Wednesday, June 19, 2013

Veritas Volume Manager Notes

Veritas has long since been purchased by Symantec, but its products continue to be sold under the Veritas name. Over time, we can expect that some of the products will have name changes to reflect the new ownership.

Veritas produces volume and file system software that allows for extremely flexible and straightforward management of a system's disk storage resources. Now that ZFS is providing much of this same functionality from inside the OS, it will be interesting to see how well Veritas is able to hold on to its installed base.

In Veritas Volume Manager (VxVM) terminology, physical disks are assigned a diskname and imported into collections known as disk groups. Physical disks are divided into a potentially large number of arbitrarily sized, contiguous chunks of disk space known as subdisks. These subdisks are combined into volumes, which are presented to the operating system in the same way as a slice of a physical disk is.

Volumes can be striped, mirrored or RAID-5'ed. Mirrored volumes are made up of equally-sized collections of subdisks known as plexes. Each plex is a mirror copy of the data in the volume. The Veritas File System (VxFS) is an extent-based file system with advanced logging, snapshotting, and performance features.
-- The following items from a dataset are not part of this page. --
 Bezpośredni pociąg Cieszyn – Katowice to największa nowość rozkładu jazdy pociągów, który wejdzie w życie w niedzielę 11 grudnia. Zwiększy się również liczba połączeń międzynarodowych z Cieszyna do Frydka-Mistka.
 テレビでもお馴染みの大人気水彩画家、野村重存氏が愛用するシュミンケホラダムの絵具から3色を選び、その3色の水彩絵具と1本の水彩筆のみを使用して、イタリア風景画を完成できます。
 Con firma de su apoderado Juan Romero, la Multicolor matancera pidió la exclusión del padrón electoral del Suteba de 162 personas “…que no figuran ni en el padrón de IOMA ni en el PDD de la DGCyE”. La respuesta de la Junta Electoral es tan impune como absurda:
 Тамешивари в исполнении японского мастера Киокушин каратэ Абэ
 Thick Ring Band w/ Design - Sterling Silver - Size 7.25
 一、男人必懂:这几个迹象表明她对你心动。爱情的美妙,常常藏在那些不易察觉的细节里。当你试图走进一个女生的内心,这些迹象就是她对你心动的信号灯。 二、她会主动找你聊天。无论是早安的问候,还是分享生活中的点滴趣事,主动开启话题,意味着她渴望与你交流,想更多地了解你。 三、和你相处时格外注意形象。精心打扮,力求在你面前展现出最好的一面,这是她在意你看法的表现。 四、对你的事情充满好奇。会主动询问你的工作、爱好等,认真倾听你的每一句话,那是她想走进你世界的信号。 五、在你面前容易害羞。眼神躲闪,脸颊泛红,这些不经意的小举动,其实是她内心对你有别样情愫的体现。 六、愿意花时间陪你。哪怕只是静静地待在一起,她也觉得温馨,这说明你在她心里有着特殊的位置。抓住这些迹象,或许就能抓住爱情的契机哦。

VxVM provides dynamic multipathing (DMP) support, which means that it takes care of path redundancy where it is available. If new paths or disk devices are added, one of the steps to be taken is to run vxdctl enable to scan the devices, update the VxVM device list, and update the DMP database. In cases where we need to override DMP support (usually in favor of an alternate multipathing software like EMC Powerpath), we can run vxddladm addforeign.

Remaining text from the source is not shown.